Выехали из Тансена около одиннадцати часов утра и покатили дальше на север. Нещадно палило солнце. Мы переехали несколько мостов, на допотопном пароме перебрались на другую сторону разлившейся реки и в районе Рамди Гхат расплатились с водителем машины. Он остался ждать пассажиров на Тансен — переправы для машин здесь не было. Мы же стали взбираться по вырубленным в скалах ступенькам к мосту, висевшему высоко над пропастью. Он был очень шаткий. Вместо перил — тонкая проволока. Под ногами ходуном ходили кое-как сбитые перекладины, в зазор между ними могла провалиться нога. Медленно перебрались мы по этому подвесному чудовищу, снова по ступенькам спустились вниз и присели в тени. Ноги у нас тряслись, не от страха, — нет! — а просто по инерции, словно под ними все еще качались перекладины танцующего моста. Если бы мы знали тогда, что из всех мостов, которые нам предстояло перейти, этот был самым основательным!..

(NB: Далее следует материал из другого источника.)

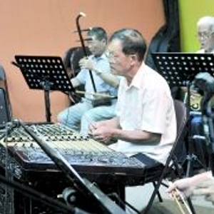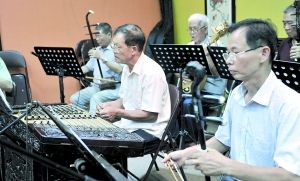 ▲老年人在一起弹唱粤剧曲目。

От Рамди Гхата до Покхары мы добирались маленьким душным автобусом, стекла которого изнутри были оклеены всевозможными картинками, главным образом с полуобнаженными красотками. Впервые я увидела такое в общественном транспорте Непала. Обычно здешние автобусы оклеивают материалами другого содержания: «Правилами пользования транспортом», призывами участвовать в кампании «Назад в деревню» или в сборе пожертвований на обновление какого-нибудь храма и т. д.
Автобус чихал, пыхтел, часто останавливался. Тогда Дэниэл весело кричал водителю:
— Чало, бхаи! — Давай, брат!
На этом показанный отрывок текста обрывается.